__Data under study__:
■ ■ ■

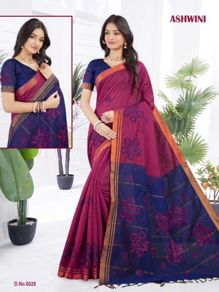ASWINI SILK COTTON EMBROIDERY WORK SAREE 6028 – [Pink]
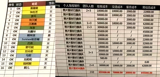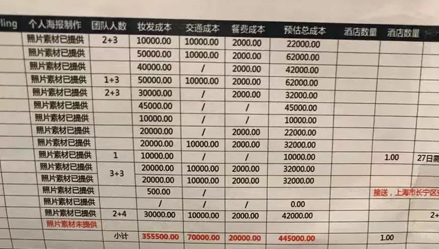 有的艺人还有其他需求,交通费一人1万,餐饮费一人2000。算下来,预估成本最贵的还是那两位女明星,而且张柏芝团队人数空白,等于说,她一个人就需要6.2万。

■ ■ ■

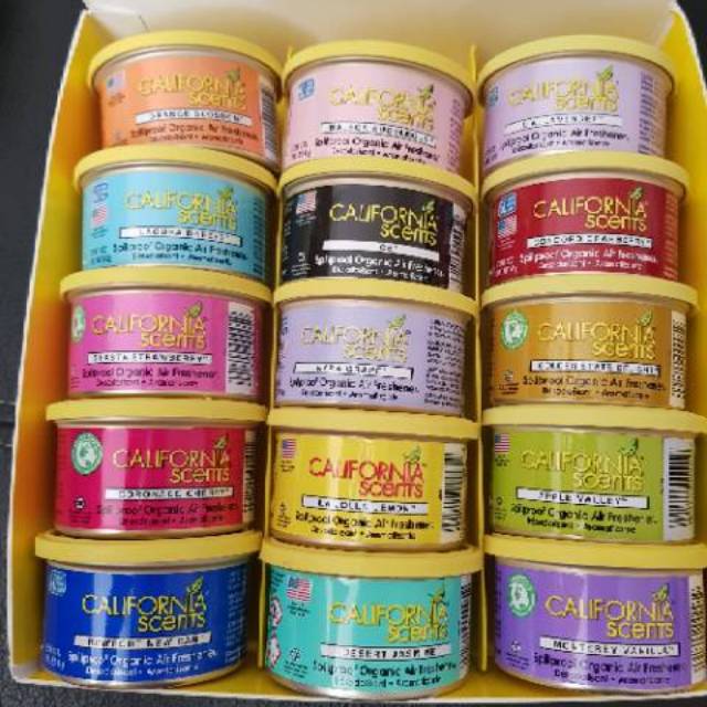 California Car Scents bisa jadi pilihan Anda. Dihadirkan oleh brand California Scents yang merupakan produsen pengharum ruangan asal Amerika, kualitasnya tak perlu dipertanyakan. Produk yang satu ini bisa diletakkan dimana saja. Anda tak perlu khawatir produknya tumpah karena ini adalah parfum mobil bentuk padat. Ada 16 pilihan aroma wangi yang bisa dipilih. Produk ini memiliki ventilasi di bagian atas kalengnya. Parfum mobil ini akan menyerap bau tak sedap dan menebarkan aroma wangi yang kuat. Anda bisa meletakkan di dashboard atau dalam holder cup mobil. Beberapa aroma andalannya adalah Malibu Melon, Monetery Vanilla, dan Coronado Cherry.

■ ■ ■

__What this task involves__: Repeat, without pictures, exactly the lines of the data above from the one containing "ASWINI SILK COTTON" through the one containing "有的艺人还有其他需求,交通费", including both and adding nothing.

__Solution to the exercise__:
ASWINI SILK COTTON EMBROIDERY WORK SAREE 6028 – [Pink]
 有的艺人还有其他需求,交通费一人1万,餐饮费一人2000。算下来,预估成本最贵的还是那两位女明星,而且张柏芝团队人数空白,等于说,她一个人就需要6.2万。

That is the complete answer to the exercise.